# [Records for the exercise]
────────────────────

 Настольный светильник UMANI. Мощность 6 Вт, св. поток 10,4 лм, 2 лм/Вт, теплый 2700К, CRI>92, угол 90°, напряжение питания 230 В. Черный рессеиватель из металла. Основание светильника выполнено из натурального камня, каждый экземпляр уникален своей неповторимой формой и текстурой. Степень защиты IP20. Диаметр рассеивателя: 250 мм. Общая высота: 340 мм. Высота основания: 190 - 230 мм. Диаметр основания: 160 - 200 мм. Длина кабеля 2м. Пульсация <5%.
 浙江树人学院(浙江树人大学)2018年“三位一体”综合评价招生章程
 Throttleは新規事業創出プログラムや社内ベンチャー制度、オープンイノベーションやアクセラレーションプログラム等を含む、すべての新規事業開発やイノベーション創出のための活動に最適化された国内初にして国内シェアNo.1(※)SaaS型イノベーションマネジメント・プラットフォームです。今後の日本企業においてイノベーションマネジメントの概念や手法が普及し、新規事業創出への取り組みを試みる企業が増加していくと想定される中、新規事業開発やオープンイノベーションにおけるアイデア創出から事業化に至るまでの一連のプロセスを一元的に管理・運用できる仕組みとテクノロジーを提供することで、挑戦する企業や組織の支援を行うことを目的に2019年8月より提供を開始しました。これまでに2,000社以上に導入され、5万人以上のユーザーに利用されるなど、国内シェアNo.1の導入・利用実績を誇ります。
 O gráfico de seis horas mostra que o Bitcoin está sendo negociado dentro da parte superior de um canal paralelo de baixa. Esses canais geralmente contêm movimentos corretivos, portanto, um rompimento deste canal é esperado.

────────────────────

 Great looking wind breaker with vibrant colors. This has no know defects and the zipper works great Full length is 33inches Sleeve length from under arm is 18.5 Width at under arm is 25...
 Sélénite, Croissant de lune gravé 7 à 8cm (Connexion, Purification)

────────────────────

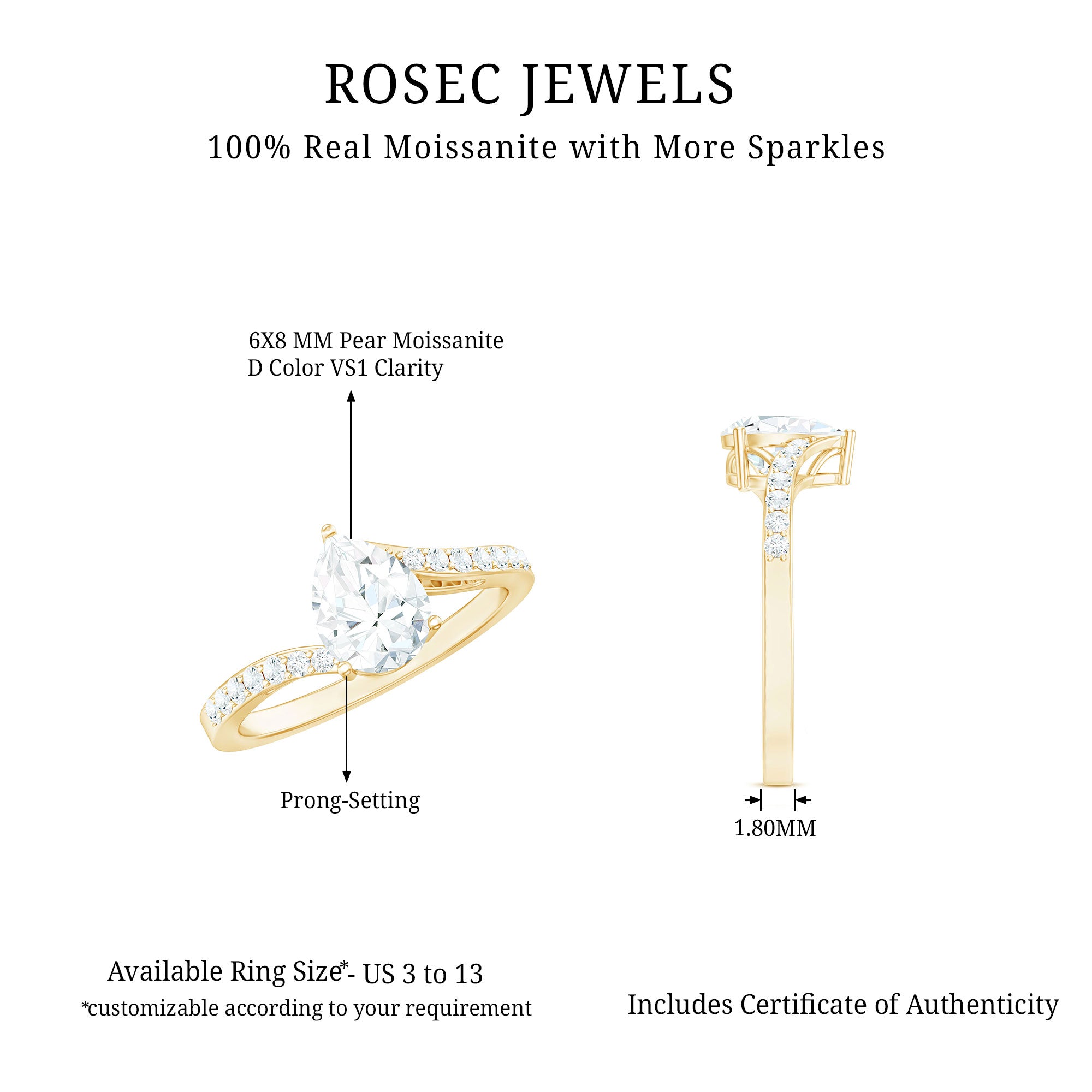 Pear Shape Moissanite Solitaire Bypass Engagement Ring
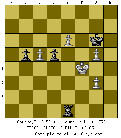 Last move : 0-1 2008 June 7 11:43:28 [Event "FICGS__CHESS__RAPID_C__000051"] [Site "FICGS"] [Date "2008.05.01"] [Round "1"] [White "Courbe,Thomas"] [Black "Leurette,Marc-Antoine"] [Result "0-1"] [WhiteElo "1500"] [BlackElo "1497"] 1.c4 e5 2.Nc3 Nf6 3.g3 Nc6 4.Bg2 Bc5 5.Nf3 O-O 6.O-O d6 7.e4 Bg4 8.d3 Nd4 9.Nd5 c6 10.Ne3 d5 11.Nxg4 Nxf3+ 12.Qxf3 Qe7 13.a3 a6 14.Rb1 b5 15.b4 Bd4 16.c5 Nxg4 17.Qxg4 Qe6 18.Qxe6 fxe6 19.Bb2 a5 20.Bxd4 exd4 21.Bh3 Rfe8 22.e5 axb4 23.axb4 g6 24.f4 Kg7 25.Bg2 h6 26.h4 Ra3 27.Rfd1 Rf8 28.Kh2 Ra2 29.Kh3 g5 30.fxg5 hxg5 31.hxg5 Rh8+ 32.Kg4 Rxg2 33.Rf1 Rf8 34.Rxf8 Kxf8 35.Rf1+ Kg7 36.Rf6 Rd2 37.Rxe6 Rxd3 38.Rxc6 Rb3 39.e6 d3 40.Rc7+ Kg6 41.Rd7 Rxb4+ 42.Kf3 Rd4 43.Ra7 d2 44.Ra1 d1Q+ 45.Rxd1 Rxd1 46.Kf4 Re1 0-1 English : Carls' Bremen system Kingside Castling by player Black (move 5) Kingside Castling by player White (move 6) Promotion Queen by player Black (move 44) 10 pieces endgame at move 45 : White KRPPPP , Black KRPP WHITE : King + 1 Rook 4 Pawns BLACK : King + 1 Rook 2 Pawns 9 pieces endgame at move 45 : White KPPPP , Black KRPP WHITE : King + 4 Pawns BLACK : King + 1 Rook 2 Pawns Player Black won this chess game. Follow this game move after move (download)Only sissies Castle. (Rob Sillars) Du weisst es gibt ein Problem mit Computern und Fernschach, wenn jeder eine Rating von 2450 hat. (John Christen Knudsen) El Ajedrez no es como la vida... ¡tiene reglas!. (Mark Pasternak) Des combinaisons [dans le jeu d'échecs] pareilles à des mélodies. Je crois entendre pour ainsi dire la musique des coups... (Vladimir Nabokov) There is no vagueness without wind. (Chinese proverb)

────────────────────

# [Exercise goal]
Looking at the data above, write out exactly the lines that start at the one containing "Great looking wind" and end at the one containing "Sélénite, Croissant de"; include both and nothing beyond.

# [Response to the exercise]
 Great looking wind breaker with vibrant colors. This has no know defects and the zipper works great Full length is 33inches Sleeve length from under arm is 18.5 Width at under arm is 25...
 Sélénite, Croissant de lune gravé 7 à 8cm (Connexion, Purification)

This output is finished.